As Apple and other companies create products capable of providing more and more detailed health-related information, the U.S. Food and Drug Administration has decided to give the companies creating these devices breathing room to manufacture the devices free, for the most part, from the scrutiny of the agency (via Bloomberg Business).
The FDA's associate director for digital health, Bakul Patel, noted that while the agency will be more lenient on devices aimed at simply improving the lifestyle of its customers, more health-invasive features, like a glucose monitor app on the Apple Watch, will continue to be reviewed by the FDA.
"We are taking a very light touch, an almost hands-off approach," Patel, the FDA's associate director for digital health, said in an interview. "If you have technology that's going to motivate a person to stay healthy, that's not something we want to be engaged in."
The rule of thumb released in a few guidelines by the agency highlight that the FDA's focus will be on devices and software that are attempting to replicate, or mimic, the functionality of a medical service or device. Basic heart-rate and step-counting aspects of these wrist-worn devices will receive little-to-no regulation from the FDA.
Marketing will also be a factor for the agency, according to Patel. If a company is attempting to promote a product as being able to assist doctors in making medical decisions, "it will require more oversight." This is a concern not aimed currently at Apple's own Apple Watch and HealthKit, due to both's minimally invasive health-related functionality, but could become a concern in the future as Tim Cook himself echoed hopes of both platforms helping to pinpoint diseases and cancers in the near future.

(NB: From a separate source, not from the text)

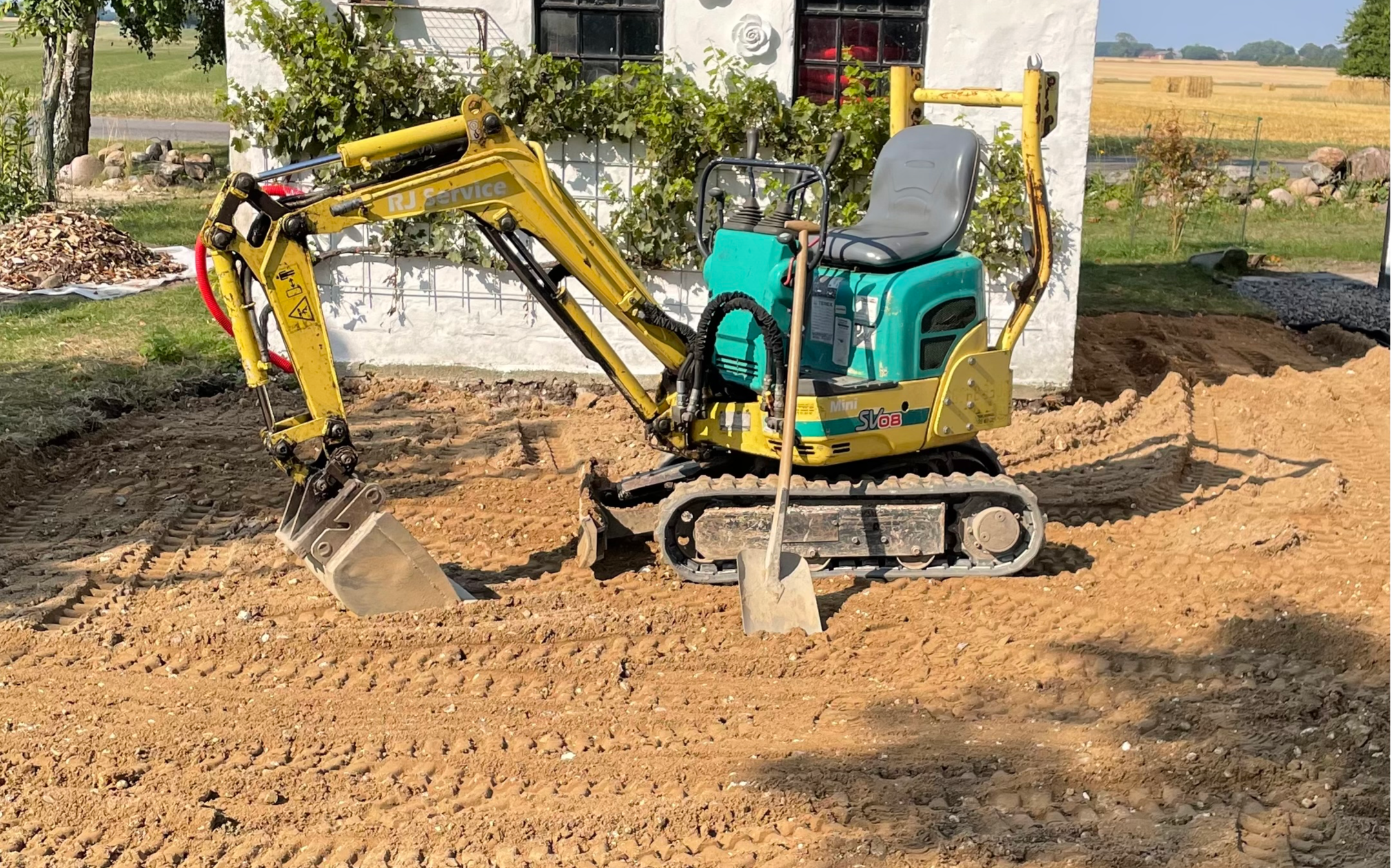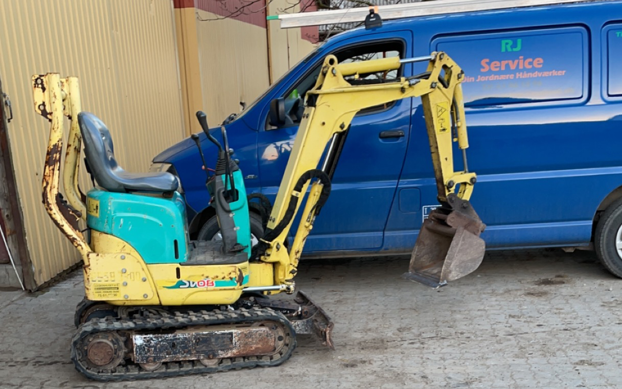 1 tons minigraver med skovle: 20 30 40 100 cm og 60cm risteskovl Kan blive ned til 71 cm bred

"We have to be confident in what we are getting," Patel said. "The trajectory is there and all signals are headed that way, but by the same token the research and science should get us that confidence. It boils down to will it work or not."

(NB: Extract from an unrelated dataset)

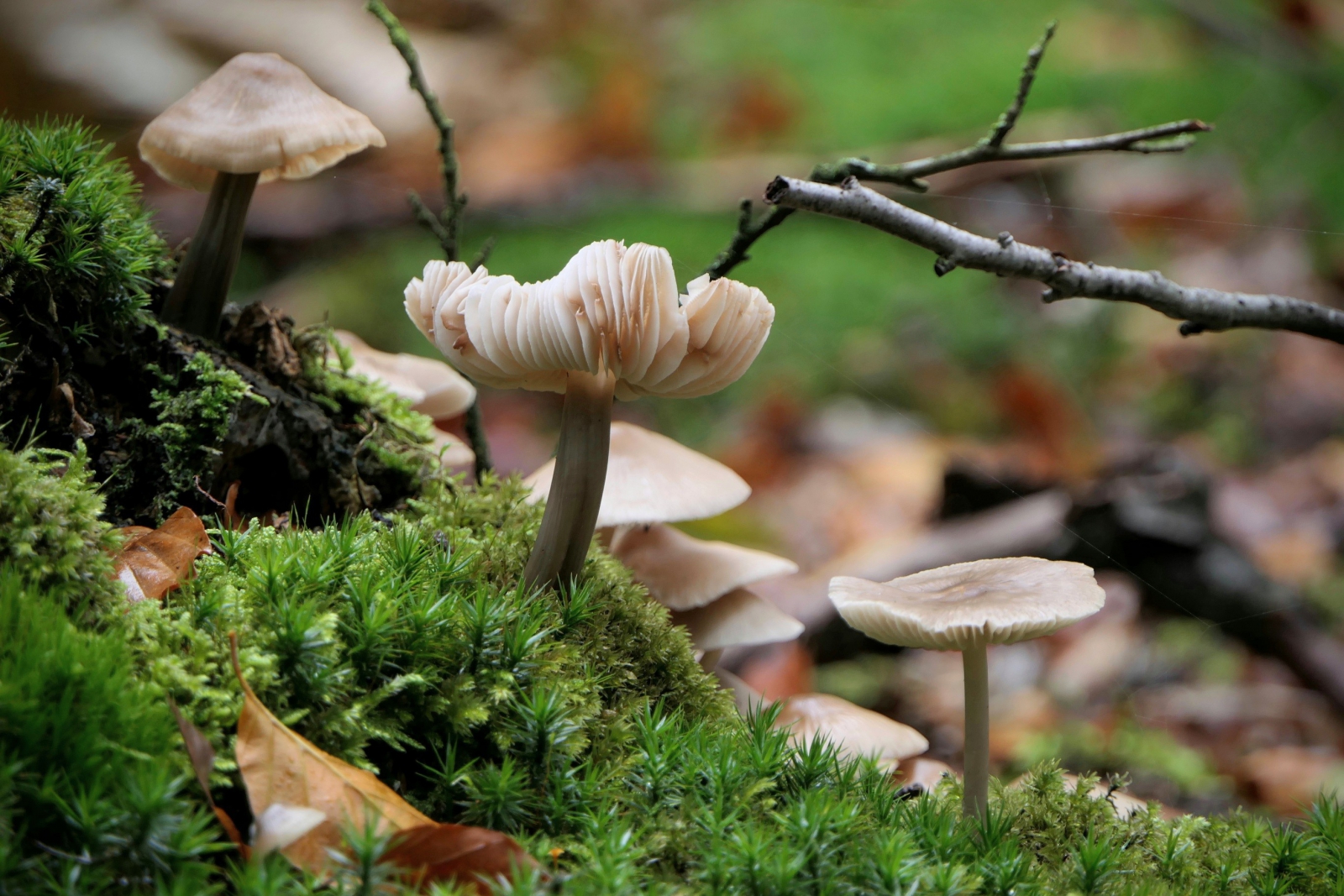 Een rijtje paddenstoelen waaronder de helmmycena.

"The FDA has a role to play for providing patients and consumers a level of confidence that they can use it," he said.
With a focus "only on the higher end of technology", Patel notes that the agency asks itself what kind of harm a user may face if the product fails, and uses that answer as a springboard into regulation of the product as a whole. The new laid-back angle is in stark opposition of how the tech world views the FDA, with most startups listing regulation by the agency as one of the biggest risks to a business "even when scrutiny is unlikely." Patel, and the FDA, knows of the issue and plans to hire new staff in assisting to "improve relations with technology companies" in the future.
Although the FDA's new lax approach to basic fitness-tracking will give companies more room to operate on their own terms, as technology for the smart wearables category moves forward, we'll no doubt see more and more glucose- and blood pressure-tracking applications in the future. Apple itself has met with the FDA several times in the past few years, with most recent discussions centering around the functions and regulations of the Apple Watch.